Wir sollten alles tun, was uns hilft, die natürlichen Kohlenstoffkreisläufe zu stärken, sagt Meeresbiologe und Klimaforscher Hans-Otto Pörtner vom Alfred-Wegener-Institut in Bremerhaven. "Das bedeutet, dass wir die Bestände der überfischten Tiere wieder aufbauen sollten." Schützt man also Fische und Wale, kann das nicht nur gut für den Artenschutz, sondern auch den Klimaschutz sein.

Politisch anerkannt

Dass Artenschutz auch Klimaschutz bedeuten kann, erkennen inzwischen nicht nur Forschende, sondern auch die Politik an. So sagte Bundesumweltministerin Steffi Lemke am Rande der Weltklimakonferenz in Baku vor einigen Wochen: "Dass diese Dinge miteinander verzahnt sind und nicht getrennt voneinander gelöst werden können, wird immer deutlicher. Und dass natürlicher Klimaschutz sowohl für die Vorsorge, für die Klimaanpassung als auch für das Einspeichern von CO2 in natürlichen Ökosystemen der Schlüssel ist."
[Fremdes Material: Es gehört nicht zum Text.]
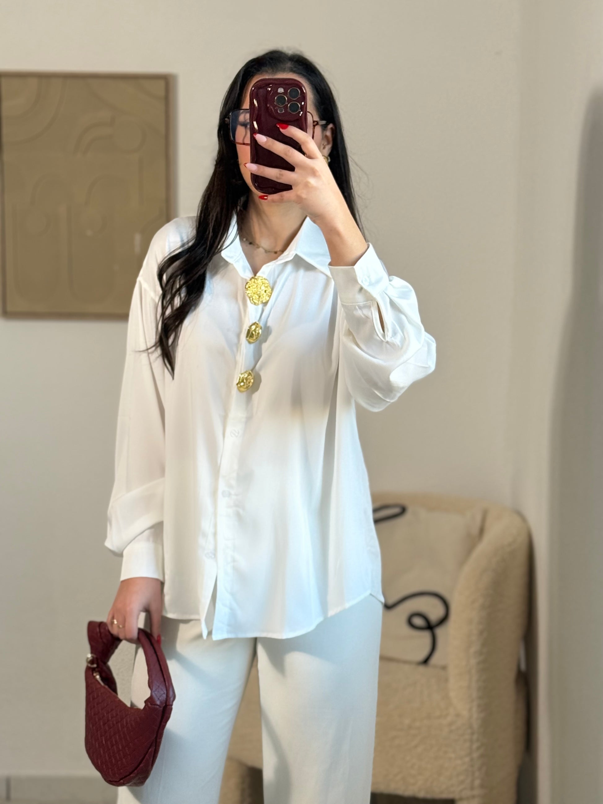 Chemise à boutons avec détails de broches sur le haut de la blouse

So sollen zukünftig die Weltklima- und die Weltbiodiversitätskonferenz auch stärker zusammenarbeiten.  

Auch an Land effektiver Arten- und Klimaschutz

Neben dem Schutz von Walen können dabei auch andere Maßnahmen sowohl der Biodiversität als auch dem Klima nützen. Werden zum Beispiel Moore wiedervernässt oder Wälder so wiederaufgeforstet, dass keine Monokulturen entstehen, kann das sowohl zu einem größeren Artenreichtum bei Tieren und Pflanzen in den Bereichen als auch zu größeren Kohlenstoffsenken führen.  

Eine Studie geht davon aus, dass wenn weltweit nur 15 Prozent von Landflächen in strategisch sinnvollen Gebieten renaturiert würden, ungefähr 60 Prozent der sonst aussterbenden Arten geschützt würden. Gleichzeitig würden langfristig 300 Milliarden Tonnen CO2 gebunden. Das entspricht ungefähr 14 Prozent der gesamten seit Beginn der Industrialisierung von der Menschheit ausgestoßenen CO2-Menge.  

Hans-Otto Pörtner warnt allerdings davor, ausschließlich auf Renaturierungsmaßnahmen zu setzen. "Die Raten, mit denen uns diese Systeme CO2 abnehmen, sind sehr langfristig und sie können in keinem Fall ein Ersatz für das ambitionierte Runterfahren der Emissionen sein", sagt er. "Wir sollten sie nicht als Entschuldigung benutzen, weiter fossil unterwegs zu sein."